▸ **Instructions for the task**: Each line of the listing, apart from the pictures, is to be printed exactly.

▸ **Supplied information**:
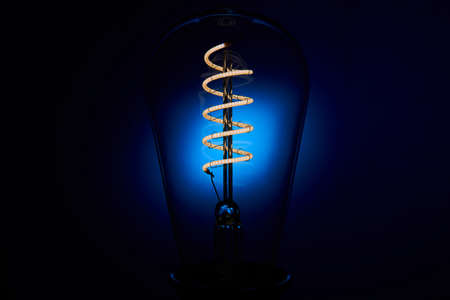 Electric vintage Edison light bulb with a spiral on a blue background. Retro style lamp.
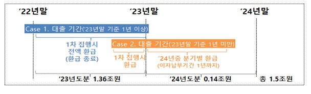 2023년 말까지 이자를 납부한 가긴이 1년 이상이신 분은 최초 집행 시 환급예정액을 전액 돌려받으며 환급이 종료되며 1년 미만이신 분은 작년에 납부한 이자분에 대해서 최초 집행 시에 환급받고 24년에 납부한 이자분에 대해서는 최대 1년까지 분기별로 환급받게 됩니다. 최초환급일은 2월 5일에서 2월 8일까지이며 이자 환급에 대한 별도인 신청은 없으며 sms 또는 앱푸시 등을 통해서 대상자에게 이자환급 금액과 일정 등을 안내합니다.
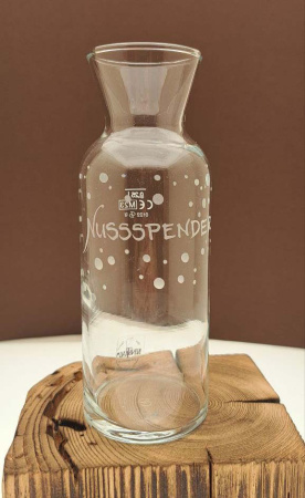 Karaffe 1 l ohne Henkel mit handgraviertem Spruch (z. B.:„Träume nicht dein Leben, sondern lebe deinen Traum“) und dezentem Kugelmuster. Ideal als Tischkaraffe.
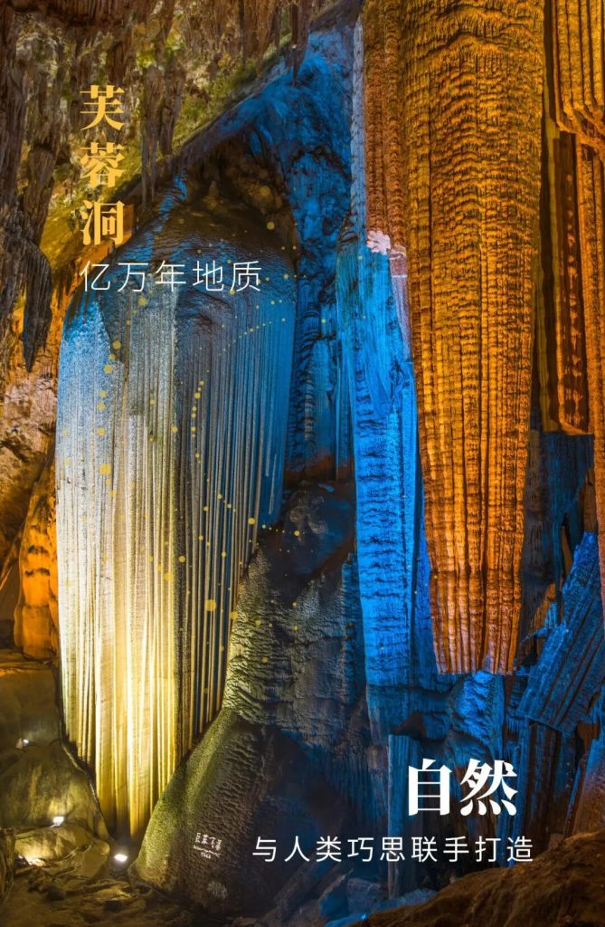 芙蓉洞:世界自然遺產,中國4A級旅遊景區,洞內鍾乳石林立,形態各異,色彩斑斕。

▸ **Response for this exercise**:
 Electric vintage Edison light bulb with a spiral on a blue background. Retro style lamp.
 2023년 말까지 이자를 납부한 가긴이 1년 이상이신 분은 최초 집행 시 환급예정액을 전액 돌려받으며 환급이 종료되며 1년 미만이신 분은 작년에 납부한 이자분에 대해서 최초 집행 시에 환급받고 24년에 납부한 이자분에 대해서는 최대 1년까지 분기별로 환급받게 됩니다. 최초환급일은 2월 5일에서 2월 8일까지이며 이자 환급에 대한 별도인 신청은 없으며 sms 또는 앱푸시 등을 통해서 대상자에게 이자환급 금액과 일정 등을 안내합니다.
 Karaffe 1 l ohne Henkel mit handgraviertem Spruch (z. B.:„Träume nicht dein Leben, sondern lebe deinen Traum“) und dezentem Kugelmuster. Ideal als Tischkaraffe.
 芙蓉洞:世界自然遺產,中國4A級旅遊景區,洞內鍾乳石林立,形態各異,色彩斑斕。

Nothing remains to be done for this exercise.